With the year coming to an end, Zack now needs to decide where he is going to “place his bets.”
“When I look at next year, I will probably focus a little bit more on markets like Malaysia and Indonesia. There are still significant growth opportunities, and we are well represented in both markets,” he said.
The company would also be closely monitoring developments in Thailand – which is currently run by a military-controlled government, he added.
“If [the situation in] Thailand changes, if the economy picks up again, maybe I will invest more. It is a good market. We have a good team there, but it is hard to grow when the government is not spending a lot of money on IT,” he said.
However, he stressed that he had yet to make a final decision on EMC’s 2015 investments for South-East Asia.
Demand from telco, financial sectors
Hopkinton, Massachusetts-based EMC is perhaps the largest storage systems supplier in the world, but also offers products in the security, virtualisation, analytics and cloud space through subsidiary companies like VMware and Pivotal. Its storage products are marketed under a variety of brand names including VMAX, Isilon and XtremIO.
EMC It recently reported third-quarter 2014 consolidated revenue of US$6 billion, an increase of 9% year over year, and is expecting full-year consolidated revenue to hit US$24.5 billion.

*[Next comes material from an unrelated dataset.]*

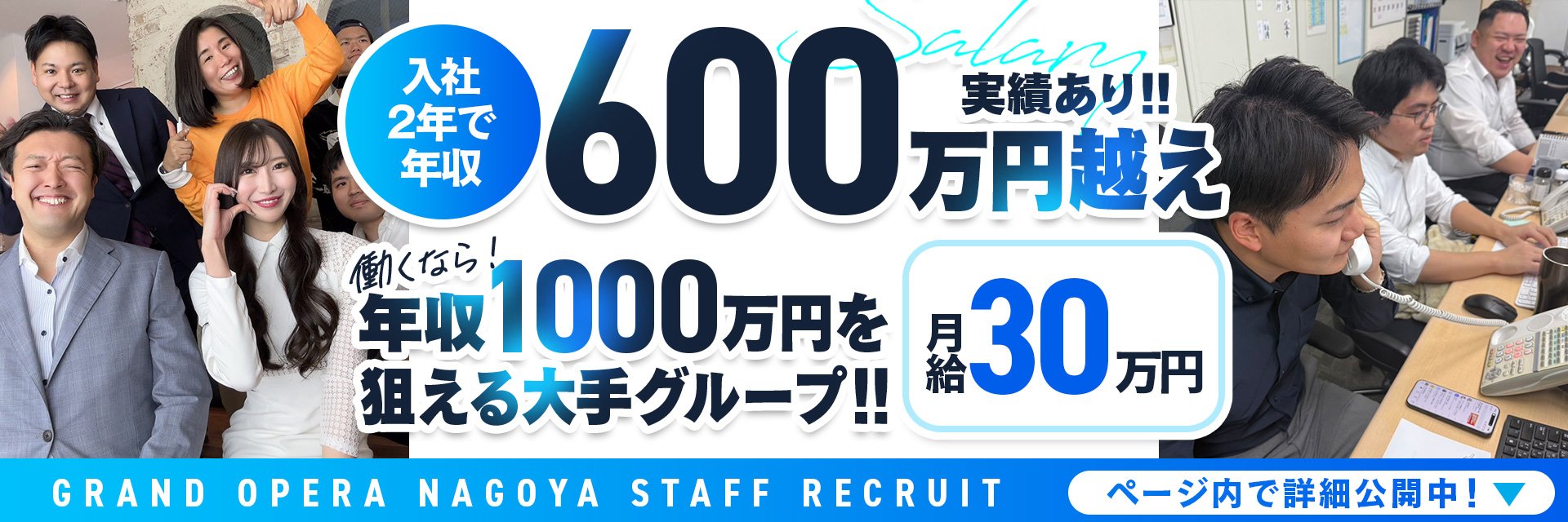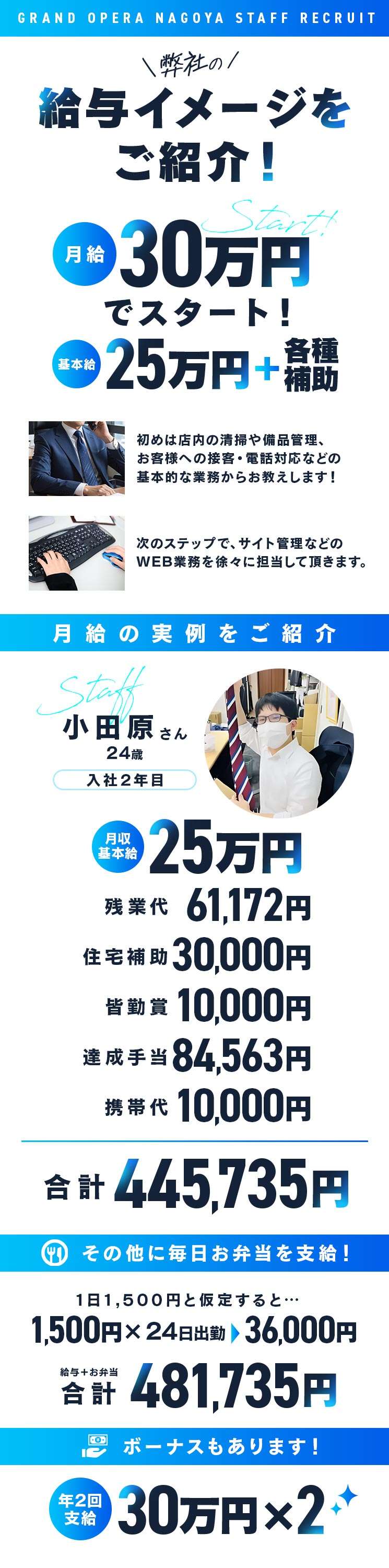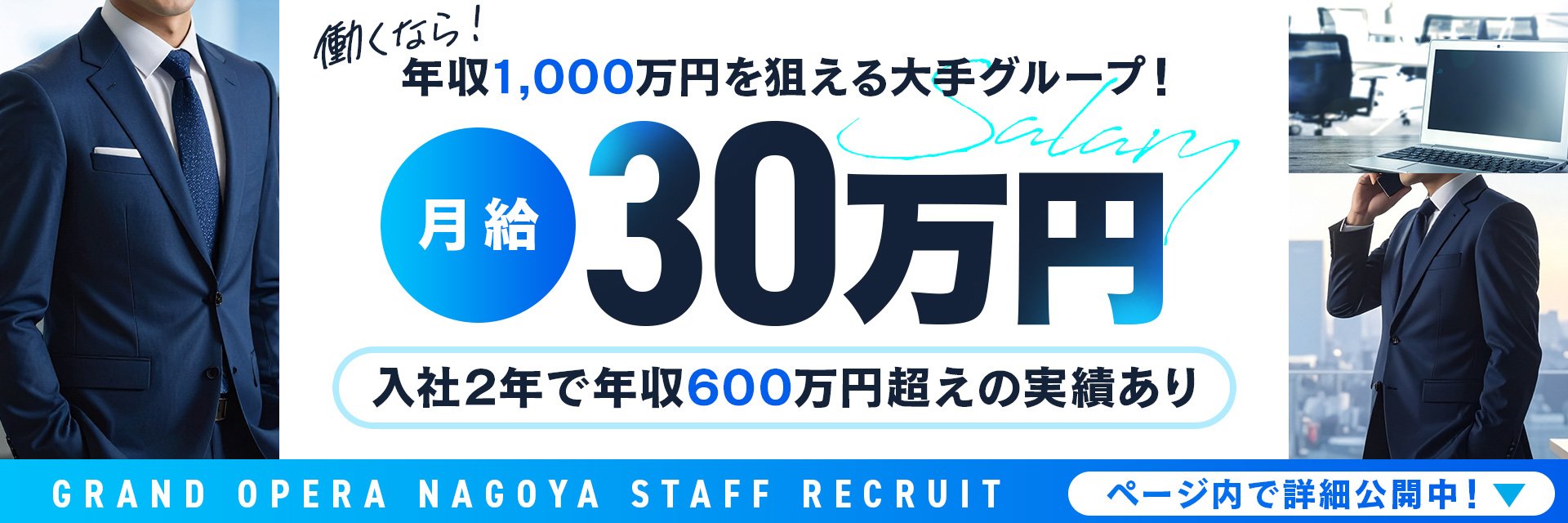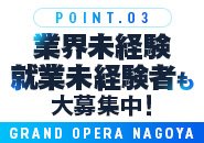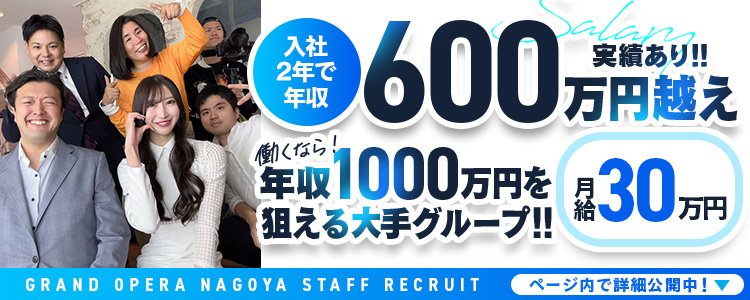 「Grand Opera」には新入社員教育制度があり、入社研修後一から学べるので心配いりません。最初から完璧な人はいません。逆にピュアなあなたの発想が会社の発展に大切なのです。名古屋東京横浜福岡にグランドオペラ出店しており、現在グランドオペラ大阪の準備中!!グランドオペラ大阪の店長候補、スタッフもあわせて募集しております。やる気のある貴方の力を必要としております。一緒に頑張り全国展開する我々と一緒に全国NO1の店舗と全国NO1の給料を一緒に手にするために頑張ろう!!

In a statement, it said consolidated third-quarter revenue from North America grew 8% year over year, representing 55% of consolidated third-quarter revenue. Revenue from EMC’s Europe, Middle East and Africa region grew 15% year over year, while Asia Pacific and Japan grew 4% year over year and Latin America grew 1% year over year.
Meanwhile, Zack said that when it comes to Malaysia and Indonesia, he expects a “significant portion” of demand to come from the financial and telecommunications sectors, with its VMAX product line likely to benefit the most.
“The banks and the telcos really like VMAX, our rich data services product.
“Banks don’t like it when there’s a problem and they can’t get access to information. So they want the highest level of reliability and visibility,” he said.
“VMAX is designed in such a way that the moment it powers on the customer’s data centre, it should never shut down.
“Even if you have multiple points of failure, multiple disc drive failures, or different controllers failing, VMAX is built so it has the resilience and redundancy to handle this and work around it,” he claimed.
Review of 2014 investments
Zack said that EMC’s 2014 investment in emerging markets was more about the longer-term.
“I view that as a three-year investment. I didn’t put those new resources thinking that I was going to get an immediate payback on investment within one quarter,” he said.
There are a few reasons why investments in emerging markets will take some time to see positive returns, he said.
The first is that it always takes time for new employees to learn about EMC and its customers – it would usually take about six months for new employees to be truly productive, according to Zack.
The second is that EMC has to build brand awareness so that it becomes known to potential customers.
“Last but not least, is that we have to build a channel ecosystem so that they have the capability to serve customers. These are the areas of investments we have made,” Zack said.
So far, most of its investments appear to be on track, with a few “surprises,” he added.
“My initial thinking was to focus on emerging markets in 2014, and maybe we will start to see some sort of return in the second half 2015 or 2016.
“In some cases, we had some surprises. Myanmar is one example. Initially, we expected to get a moderate number of small transactions in 2014. It didn’t happen.
“Instead, we have done very few transactions, but these are big projects. I didn’t expect that, it is a nice surprise,” he declared.
Still, Zack said it was important to let EMC’s new business ‘run by itself.’
“When I’m trying to build a new team like in Vietnam, I don’t ever find it effective to just always have new people joining. The team gets consumed trying to get people going, and they end up not going out and delivering.
“I believe one should put the resources in, and let it run for 12-24 months, depending on the market, and then reinvest again,” he said, noting that adding new people every quarter would only be a distraction.
With Zack considering putting more investments into growing the markets in Malaysia and Indonesia next year, would it mean that the company is looking at expanding its teams there? When that happens, would this too cause distractions?
“In Malaysia and Indonesia, we already have a significant presence. So, I can afford to put new people in at any time of the year,” he countered.